ScottPletcher · April 30, 2021, 5:20pm

Yes, min/max/avg len of data and count of values to be parsed here would be extremely helpful.

I personally avoid CLR unless I absolutely have to have it (its memory usage is one reason -- can you say "memory hog"!).
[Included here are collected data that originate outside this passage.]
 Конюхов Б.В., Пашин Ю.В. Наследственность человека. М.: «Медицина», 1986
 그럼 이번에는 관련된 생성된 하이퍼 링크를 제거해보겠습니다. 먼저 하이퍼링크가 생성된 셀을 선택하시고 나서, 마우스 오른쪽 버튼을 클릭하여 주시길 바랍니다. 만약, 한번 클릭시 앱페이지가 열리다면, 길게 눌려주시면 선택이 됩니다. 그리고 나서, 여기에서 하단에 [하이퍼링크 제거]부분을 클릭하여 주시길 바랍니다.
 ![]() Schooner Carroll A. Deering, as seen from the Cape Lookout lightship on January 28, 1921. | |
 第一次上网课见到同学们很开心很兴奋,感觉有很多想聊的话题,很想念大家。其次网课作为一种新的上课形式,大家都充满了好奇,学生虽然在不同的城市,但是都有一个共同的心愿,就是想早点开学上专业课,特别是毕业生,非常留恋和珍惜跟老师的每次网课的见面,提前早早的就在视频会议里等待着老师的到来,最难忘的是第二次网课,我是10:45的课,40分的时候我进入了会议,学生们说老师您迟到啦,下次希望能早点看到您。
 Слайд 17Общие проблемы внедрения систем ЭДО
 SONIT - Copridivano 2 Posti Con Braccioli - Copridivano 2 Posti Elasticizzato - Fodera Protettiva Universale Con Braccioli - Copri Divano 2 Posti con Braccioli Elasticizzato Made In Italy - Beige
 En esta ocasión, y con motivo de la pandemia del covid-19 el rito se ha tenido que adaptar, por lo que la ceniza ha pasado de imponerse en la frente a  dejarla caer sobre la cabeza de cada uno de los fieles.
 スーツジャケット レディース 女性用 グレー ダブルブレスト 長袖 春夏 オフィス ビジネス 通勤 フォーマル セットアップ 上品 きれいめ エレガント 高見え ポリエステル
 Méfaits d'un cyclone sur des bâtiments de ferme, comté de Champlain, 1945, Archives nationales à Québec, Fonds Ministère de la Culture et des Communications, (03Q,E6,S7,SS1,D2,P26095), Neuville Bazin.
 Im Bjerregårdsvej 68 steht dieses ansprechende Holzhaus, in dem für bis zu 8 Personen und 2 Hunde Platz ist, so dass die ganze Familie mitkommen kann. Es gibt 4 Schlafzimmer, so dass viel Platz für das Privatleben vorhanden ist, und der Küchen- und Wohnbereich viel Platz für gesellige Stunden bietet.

So, if most data were ~24K bytes or less, personally I'd substring it out into 8K bytes and use a standard splitter before I went to CLR.

ScottPletcher · April 30, 2021, 8:13pm

Notice, too, that in the original code he's doing a full SELECT within the call to dbo.DelimitedSplit8K. That isn't needed and will harm performance, so I removed it.